Figuur 11. Gambetta komt aan per luchtballon
Een probleem was dat de regering in Parijs was afgesneden van de rest van Frankrijk. Een aantal ministers was kort vóór het beleg uitgeweken naar Tours om het verzet in de provincies te leiden. Er was dus een totaal chaotische situatie, contact was alleen mogelijk per luchtballon en per duivenpost; over deze 2 onderwerpen zal dadelijk iets meer volgen. Uiteindelijk werd besloten om Leon Gambetta op 7 oktober per ballon naar de Franse romp-‐ regering te sturen, om de leiding van de legervorming op zich te nemen, en het breken van het beleg te organiseren.
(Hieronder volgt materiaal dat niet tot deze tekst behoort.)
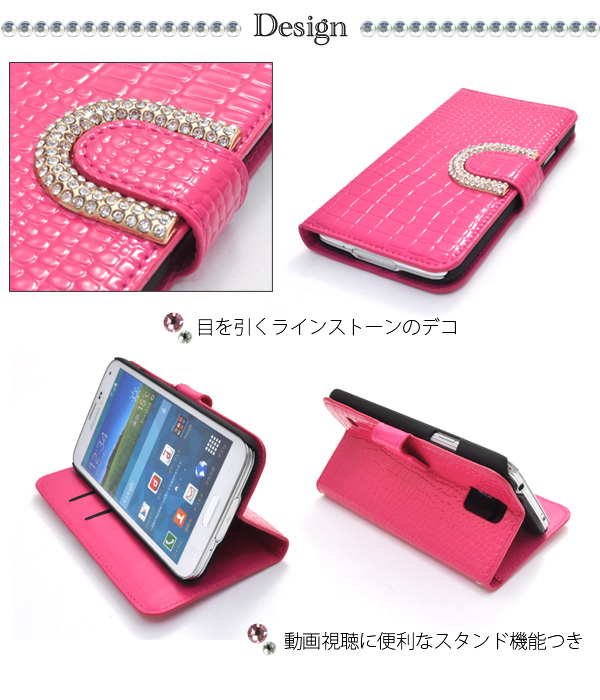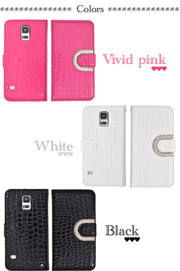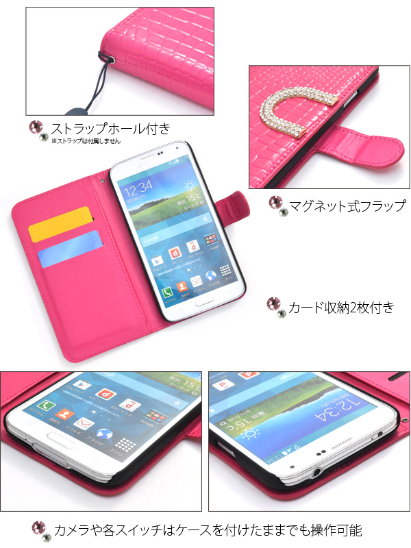 クロコダイルレザーデザインにデコをあしらった女性にピッタリのポーチケースです。 内側にはカード収納がついているので、定期やICカードなどを入れてお使いいただくと便利です♪ 開閉はマグネット式で、使い勝手の良い手帳型です。またストラップホールもついています。 衝撃やキズなどからGALAXY S5 SC-04F/SCL23用を守るのはもちもん、 カメラ、イヤホンや各種ボタンなどをケースに入れたまま操作可能です。 カラーはビビッドピンク、ホワイト、ブラックの3色からお選びいただけます。 ※GALAXY S5 SC-04F/SCL23用は付属しません。 ※ライセンス商品ではありません。 |

Zie afbeelding 11. De militaire situatie in het land veranderde niet sterk: de Duitse legers voerde kleinere en grotere veldslagen met resten van het oude Franse leger, of met nieuw opgerichte Franse eenheden, maar over het algemeen was Duitsland veel sterker. De Duitse militaire sterkte was
16
echter niet groot genoeg om heel Frankrijk te bezetten. Daarom werden de troepen geconcentreerd in een gebied in een grote cirkel om Parijs met een ruime corridor naar de Duitse grens. Zie afbeelding 12.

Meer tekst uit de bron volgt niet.